⟨
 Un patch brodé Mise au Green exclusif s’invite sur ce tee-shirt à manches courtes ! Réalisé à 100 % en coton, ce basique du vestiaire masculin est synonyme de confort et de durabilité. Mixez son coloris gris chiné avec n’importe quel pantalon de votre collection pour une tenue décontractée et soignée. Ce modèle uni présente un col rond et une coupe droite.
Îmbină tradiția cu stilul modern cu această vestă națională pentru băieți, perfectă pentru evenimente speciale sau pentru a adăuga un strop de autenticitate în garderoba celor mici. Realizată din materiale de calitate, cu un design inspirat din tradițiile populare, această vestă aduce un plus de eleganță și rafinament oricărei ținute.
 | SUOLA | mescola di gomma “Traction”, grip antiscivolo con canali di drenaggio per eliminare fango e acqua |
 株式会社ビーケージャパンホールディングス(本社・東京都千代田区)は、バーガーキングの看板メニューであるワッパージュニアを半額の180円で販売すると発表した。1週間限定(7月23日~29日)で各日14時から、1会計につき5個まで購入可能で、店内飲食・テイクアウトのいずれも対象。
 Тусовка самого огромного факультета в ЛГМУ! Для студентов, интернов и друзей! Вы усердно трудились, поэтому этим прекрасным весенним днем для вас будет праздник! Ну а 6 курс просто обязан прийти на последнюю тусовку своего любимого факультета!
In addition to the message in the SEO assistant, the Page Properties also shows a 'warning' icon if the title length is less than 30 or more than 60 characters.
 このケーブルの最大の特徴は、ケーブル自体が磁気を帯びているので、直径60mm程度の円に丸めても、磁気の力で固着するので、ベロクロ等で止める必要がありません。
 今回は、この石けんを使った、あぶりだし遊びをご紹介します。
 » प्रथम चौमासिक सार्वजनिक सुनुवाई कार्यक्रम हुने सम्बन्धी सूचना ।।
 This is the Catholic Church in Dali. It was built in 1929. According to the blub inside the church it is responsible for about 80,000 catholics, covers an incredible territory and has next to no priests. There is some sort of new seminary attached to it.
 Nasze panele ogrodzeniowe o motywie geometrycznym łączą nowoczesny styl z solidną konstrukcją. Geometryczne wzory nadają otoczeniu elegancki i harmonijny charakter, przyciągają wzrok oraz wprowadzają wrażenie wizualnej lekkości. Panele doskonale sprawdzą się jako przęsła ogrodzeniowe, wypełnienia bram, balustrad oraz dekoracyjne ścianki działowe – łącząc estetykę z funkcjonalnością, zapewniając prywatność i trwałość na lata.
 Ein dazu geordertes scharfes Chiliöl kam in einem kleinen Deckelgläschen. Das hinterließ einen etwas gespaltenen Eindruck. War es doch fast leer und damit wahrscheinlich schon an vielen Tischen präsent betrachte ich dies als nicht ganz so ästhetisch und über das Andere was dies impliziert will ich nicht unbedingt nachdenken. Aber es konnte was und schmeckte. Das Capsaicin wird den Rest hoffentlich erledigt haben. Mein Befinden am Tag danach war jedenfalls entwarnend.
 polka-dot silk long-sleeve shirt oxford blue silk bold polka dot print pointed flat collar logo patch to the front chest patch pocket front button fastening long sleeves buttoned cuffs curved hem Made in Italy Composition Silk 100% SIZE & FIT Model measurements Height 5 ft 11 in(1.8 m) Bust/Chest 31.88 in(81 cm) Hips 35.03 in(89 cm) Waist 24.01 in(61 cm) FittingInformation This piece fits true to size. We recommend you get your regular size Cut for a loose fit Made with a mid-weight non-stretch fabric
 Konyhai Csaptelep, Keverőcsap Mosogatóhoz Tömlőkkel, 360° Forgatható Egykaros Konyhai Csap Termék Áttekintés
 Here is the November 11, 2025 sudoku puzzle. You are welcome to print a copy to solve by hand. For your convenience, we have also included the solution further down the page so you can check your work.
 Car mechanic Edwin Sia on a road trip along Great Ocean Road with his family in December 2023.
⟩
**Directions for this task:** The records above are to be restated word for word, in full.

**Solution to the problem:**
 Un patch brodé Mise au Green exclusif s’invite sur ce tee-shirt à manches courtes ! Réalisé à 100 % en coton, ce basique du vestiaire masculin est synonyme de confort et de durabilité. Mixez son coloris gris chiné avec n’importe quel pantalon de votre collection pour une tenue décontractée et soignée. Ce modèle uni présente un col rond et une coupe droite.
Îmbină tradiția cu stilul modern cu această vestă națională pentru băieți, perfectă pentru evenimente speciale sau pentru a adăuga un strop de autenticitate în garderoba celor mici. Realizată din materiale de calitate, cu un design inspirat din tradițiile populare, această vestă aduce un plus de eleganță și rafinament oricărei ținute.
 | SUOLA | mescola di gomma “Traction”, grip antiscivolo con canali di drenaggio per eliminare fango e acqua |
 株式会社ビーケージャパンホールディングス(本社・東京都千代田区)は、バーガーキングの看板メニューであるワッパージュニアを半額の180円で販売すると発表した。1週間限定(7月23日~29日)で各日14時から、1会計につき5個まで購入可能で、店内飲食・テイクアウトのいずれも対象。
 Тусовка самого огромного факультета в ЛГМУ! Для студентов, интернов и друзей! Вы усердно трудились, поэтому этим прекрасным весенним днем для вас будет праздник! Ну а 6 курс просто обязан прийти на последнюю тусовку своего любимого факультета!
In addition to the message in the SEO assistant, the Page Properties also shows a 'warning' icon if the title length is less than 30 or more than 60 characters.
 このケーブルの最大の特徴は、ケーブル自体が磁気を帯びているので、直径60mm程度の円に丸めても、磁気の力で固着するので、ベロクロ等で止める必要がありません。
 今回は、この石けんを使った、あぶりだし遊びをご紹介します。
 » प्रथम चौमासिक सार्वजनिक सुनुवाई कार्यक्रम हुने सम्बन्धी सूचना ।।
 This is the Catholic Church in Dali. It was built in 1929. According to the blub inside the church it is responsible for about 80,000 catholics, covers an incredible territory and has next to no priests. There is some sort of new seminary attached to it.
 Nasze panele ogrodzeniowe o motywie geometrycznym łączą nowoczesny styl z solidną konstrukcją. Geometryczne wzory nadają otoczeniu elegancki i harmonijny charakter, przyciągają wzrok oraz wprowadzają wrażenie wizualnej lekkości. Panele doskonale sprawdzą się jako przęsła ogrodzeniowe, wypełnienia bram, balustrad oraz dekoracyjne ścianki działowe – łącząc estetykę z funkcjonalnością, zapewniając prywatność i trwałość na lata.
 Ein dazu geordertes scharfes Chiliöl kam in einem kleinen Deckelgläschen. Das hinterließ einen etwas gespaltenen Eindruck. War es doch fast leer und damit wahrscheinlich schon an vielen Tischen präsent betrachte ich dies als nicht ganz so ästhetisch und über das Andere was dies impliziert will ich nicht unbedingt nachdenken. Aber es konnte was und schmeckte. Das Capsaicin wird den Rest hoffentlich erledigt haben. Mein Befinden am Tag danach war jedenfalls entwarnend.
 polka-dot silk long-sleeve shirt oxford blue silk bold polka dot print pointed flat collar logo patch to the front chest patch pocket front button fastening long sleeves buttoned cuffs curved hem Made in Italy Composition Silk 100% SIZE & FIT Model measurements Height 5 ft 11 in(1.8 m) Bust/Chest 31.88 in(81 cm) Hips 35.03 in(89 cm) Waist 24.01 in(61 cm) FittingInformation This piece fits true to size. We recommend you get your regular size Cut for a loose fit Made with a mid-weight non-stretch fabric
 Konyhai Csaptelep, Keverőcsap Mosogatóhoz Tömlőkkel, 360° Forgatható Egykaros Konyhai Csap Termék Áttekintés
 Here is the November 11, 2025 sudoku puzzle. You are welcome to print a copy to solve by hand. For your convenience, we have also included the solution further down the page so you can check your work.
 Car mechanic Edwin Sia on a road trip along Great Ocean Road with his family in December 2023.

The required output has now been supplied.